When you copy the material below, keep every line exact and leave each picture out.

Supplied material:
::::

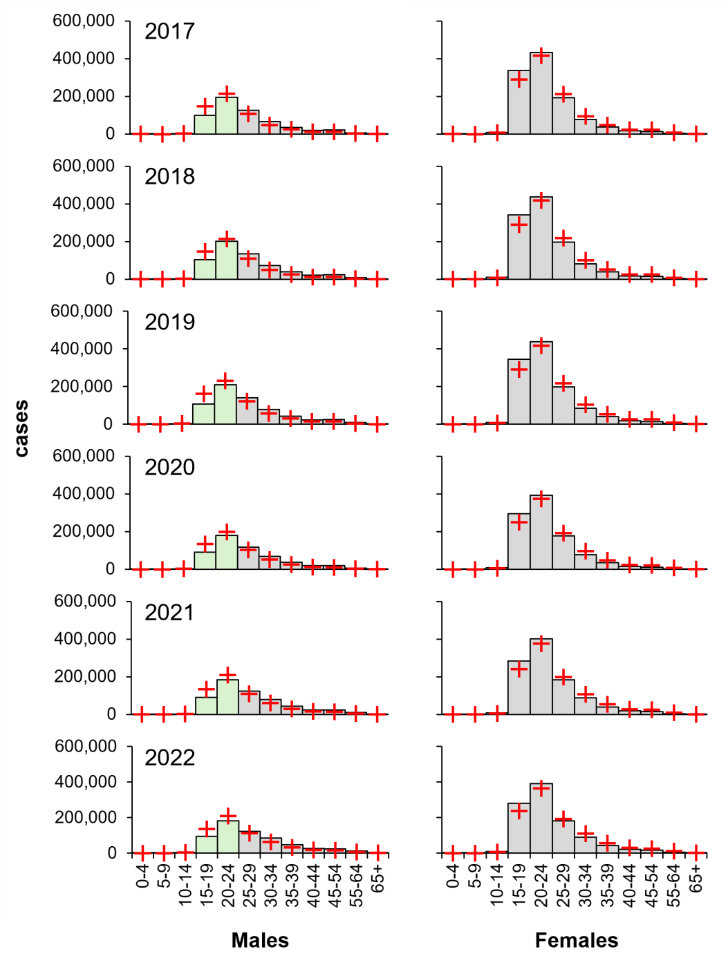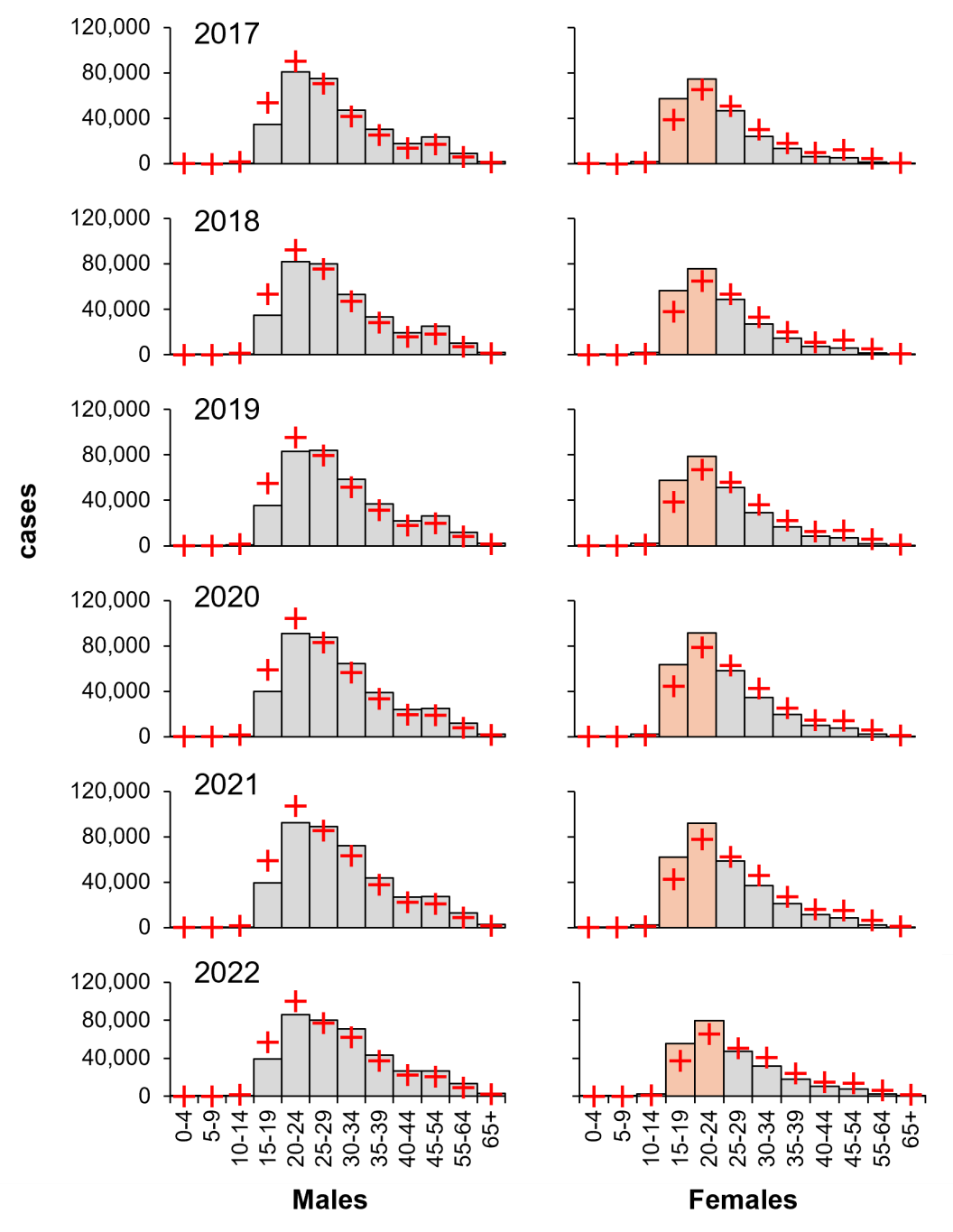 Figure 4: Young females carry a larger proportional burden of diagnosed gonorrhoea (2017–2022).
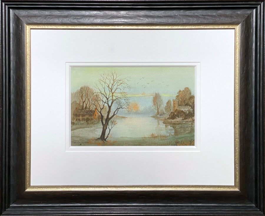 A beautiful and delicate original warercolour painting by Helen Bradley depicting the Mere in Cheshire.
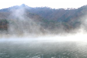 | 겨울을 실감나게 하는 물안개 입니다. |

::::

Worked solution:
 Figure 4: Young females carry a larger proportional burden of diagnosed gonorrhoea (2017–2022).
 A beautiful and delicate original warercolour painting by Helen Bradley depicting the Mere in Cheshire.
 | 겨울을 실감나게 하는 물안개 입니다. |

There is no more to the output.